分散式系統經典論文概述（1）

02-05

此系列的論文來自於MIT分散式系統課程6.824所給出的paper list；具體到每一篇論文的概述側重點可能依個人的關注點而有所偏差，基本目的是，講清楚該論文所介紹的概念所屬的概念層級，對一些具體的細節可能會略過。

PS: 概述僅是筆者作為一個入門選手自學過程中的小筆記，所以大概率會有疏漏偏差，歡迎討論：）

本篇中所要概述的論文為如下三篇：

MapReduce: Simplified Data Processing on Large Clusters
The Google File System
The Design of a Practical System for Fault-Tolerant Virtual Machines

MapReduce

首先是一些概述：

概念層級：

A programming model & an associated implementation for processing and generating large data sets;

即一種編程思路；同時Google實現了對應的對這種思路提供支持的可以供人實現並發編程的工具；

目的：

想以通用的平台解決分散式計算代碼中要解決的how-tos:(hide the messy details in a generalized framework)

parallelize the computation
distribute the data
handle failuresload balancing

用戶只需提供map function & reduce function， map-reduce會幫其解決背後的如上問題；

一些細節：

Map & Reduce:

Inspired by the map and reduce primitives in Lisp；

input & output: key/value pairs

Map: input pairs -> intermediate pairs;

- map((k1, v1)) -> list((k2, v2))

(map-reduce library will do the grouping & passing work)
Reduce: intermediate pairs with certain intermediate key value -> merge together -> smaller set of values;

- reduce((k2, list(v2))) -> list(v2)

Implementation

根據具體系統構成的不同可以有不同的實現；

論文中所實現的系統的物理描述

Google給出了其針對large clusters of commodity PCs connected together with switched Ethernet （特點：單機2~4G內存，常速網路，頻繁machine failure，存儲器為直接與單獨機器相連的IDE disk，文件系統：GFS）的實現；

流程

1. Split input & invoke copies of program

- MapReduce library splits the input files into M pieces (typically 16~64MB);

- Starts up many copies on clusters of machines; (fork) (One special master)

2. Master assigns works to idle workers.

- M map tasks, R reduce works (reduce works are distributed by partitioning the intermediate key space)

- Map workers: reads from corresponding input splits; parse k/v pairs, pass to map function, buffer the results in memory; Periodically write the buffered pairs into local disk & pass the locations back to master;

- Reduce workers: notified by the master about the locations of corresponding intermediate results; use RPCs to read data from map workers; Sort by intermediate keys(many keys may be assigned to the same reduce worker); Pass each key & its value lists to Reduce function; Append the output of reduce function.
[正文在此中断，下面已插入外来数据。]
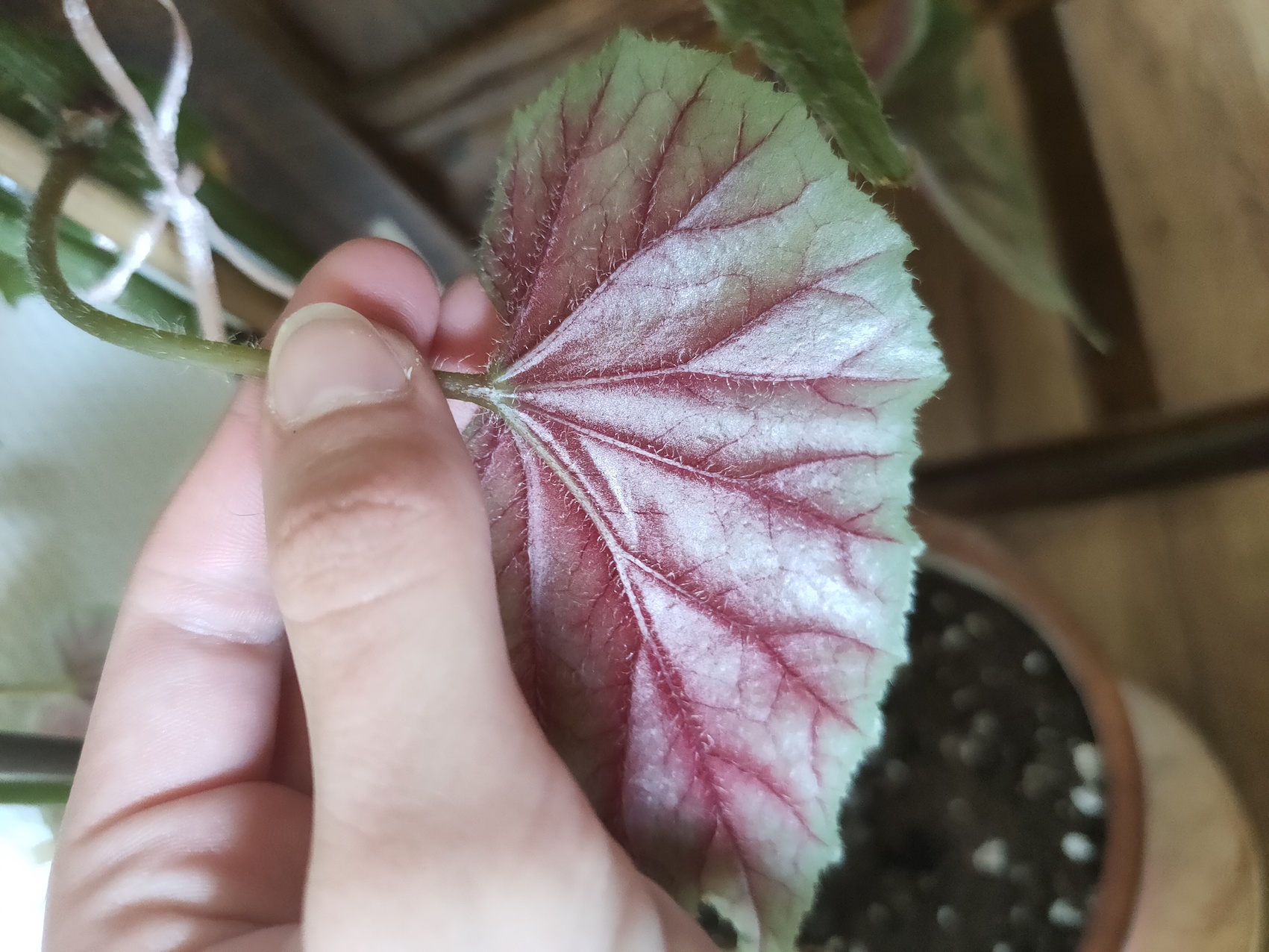 Les feuilles présentent quelques petits "fils" à la surface que ce soit devant comme derrière.

3. Work finished: return to user program.

- output: R file: each reduce work one output file.

Data structure:

For task: the state of task; worker ID;
For transmitting data: locations & sizes of R(may < R if not contain certain keys) intermediate file regions of one single map task;

- Update when: map task finished;

- Push incrementally when: worker still have in-progress reduce task;

細節

fault tolerance:

- worker failure: 周期性的ping以確認存活； -> 由於map結果存在單節點上，故單節點fail後其所完成的map task都需redo；

- master failure: trivial - 不常發生，發生重啟即可；—— periodical checkpoints;

locality:

- master分配任務時儘可能就近；

task granularity:

- master負擔：make O(M+R) scheduling decision; store O(M*R) states (~one byte of data per map/reduce pair)：粒度越粗越好；

- load balancing & recovery speed up: 粒度越細越好；

backup task:

- 遇到（因為某些原因而）拖後腿的機器時，可以直接分配另一個空閑worker也做這個任務；可以根據實際需求進行調整（「拖後腿」的判據之類

Refinements

關注實際應用場景，巧妙哈希
reduce自帶sorting
Combiner Function: map worker 先儘可能reduce一下結果，（比如Word counting時，傳一堆「我，1」 ——> 傳「我，100」）

- basically 就是reduce function在map先做一下；

- difference：combiner function的輸出寫入intermediate file, 而reduce function的輸出寫入最終的output file。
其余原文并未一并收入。